Watch anything from Sex and the City or Havoc to all those 40-something guys in skate gear and say it isn't so. Why have a house in the 'burbs and a family when you can have disposable income, Botox and an endless, unclouded adolescence?
Feminism is, perhaps, to blame for one thing - being too successful. If women aren't roaring as much as we used to it's because we're too tired and stressed out. "I am woman, hear me whimper." Gloria Steinem never said having it all would be such hard work.
Many of us are pulling in a full-time wage when we're not busy cooking, shopping, ironing, supervising homework, cleaning up cat sick and running the kids around.
Meanwhile, yet another survey comes out alerting us to the fact that Kiwi men still can't clean a toilet. (To be fair, mine manages it ... occasionally.) What do women want? The answer today might well be "a wife".

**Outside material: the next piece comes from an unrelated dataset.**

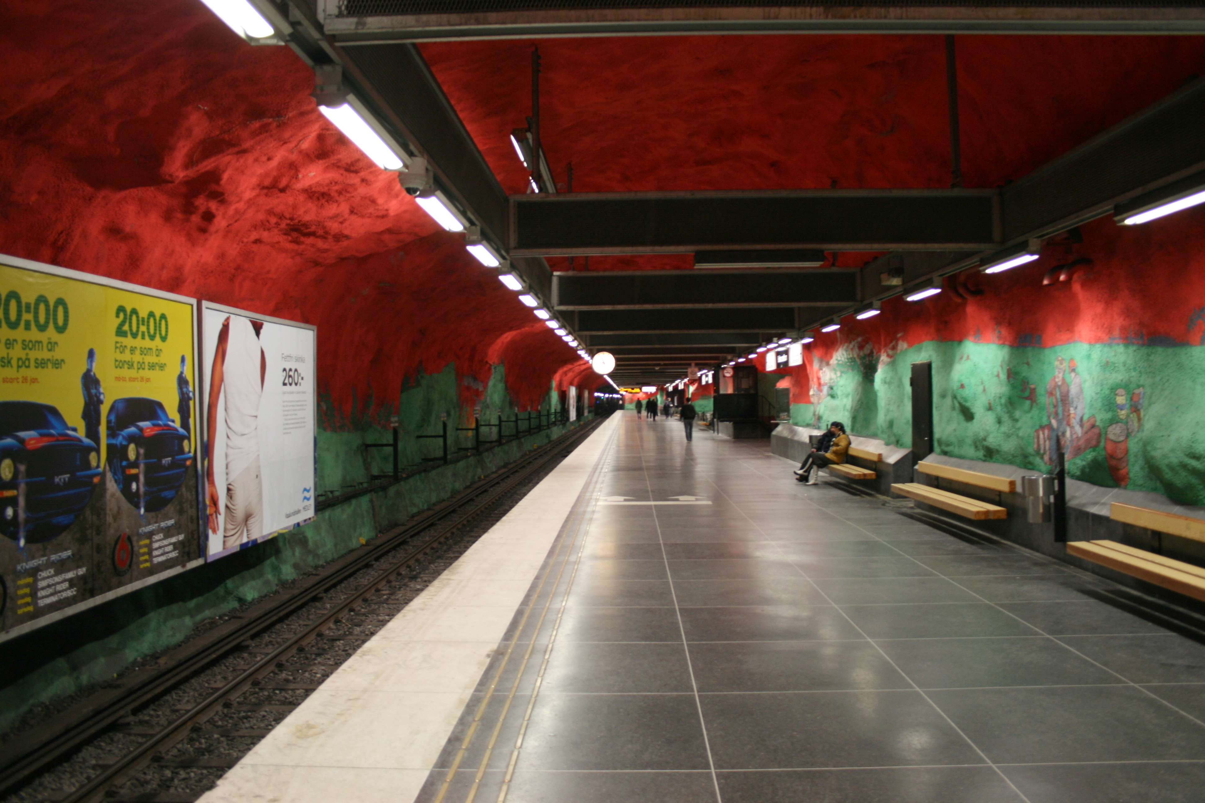 Solna centrum, Stockholm Metro station, Solna Municipality, Sweden

It's easy to feel resentful, and I often do until I remind myself of what life was like before the bra-burners hit the streets. I remind myself what it was like when my mother arrived back in New Zealand in the 60s with three children.
There was no DPB. She couldn't even rent a house without a relative - male, of course - standing guarantor. Jobs for women were appallingly badly paid, so she worked from 8am to 6pm, six days a week, to barely maintain us. There were no support groups and, in those rigidly conformist times, solo mums were considered suspect or, worse, invisible.

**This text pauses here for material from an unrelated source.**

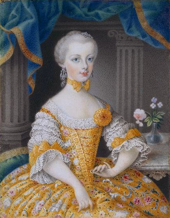 Portrait of Archduchess Maria Josepha of Austria (1751-1767)

Then there were all the women of my generation who were traumatised by back-street abortions and unplanned pregnancies in a time when "unmarried" came even further down the social order than "solo" when it came to mothers. Many had no choice but to give up their babies for adoption.
Looking back, it was barbaric. Things changed for women not because of some feminazi conspiracy, but because they needed to. Who would ever really want to go back?

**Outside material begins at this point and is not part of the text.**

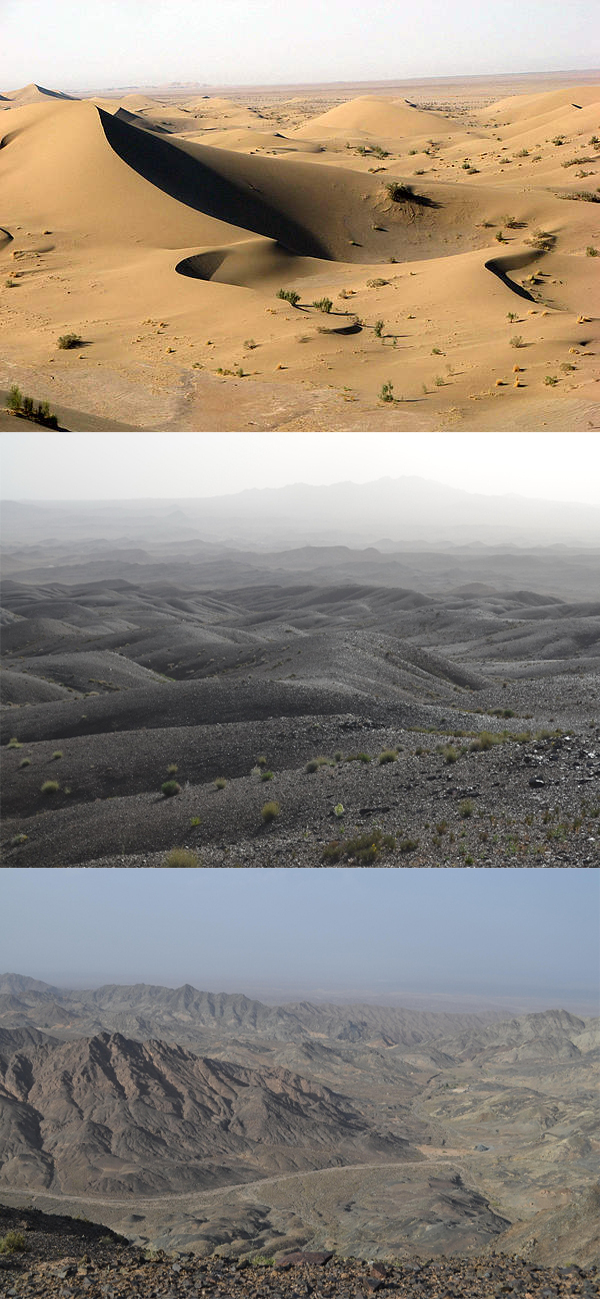 Desert and mountain around Na'in

Those 70s feminists never guaranteed we could have it all, but they made sure we had some genuine choices. If women like Virginia Haussegger haven't figured out how to make those choices, she shouldn't blame the bra-burners. If I'd missed the baby boat because I was too busy having a lifestyle, I would be angry, too. At myself.
But then, if the song had gone "I am woman, hear me take some beep beep responsibility for my own decisions", none of us would ever have heard of Helen Reddy.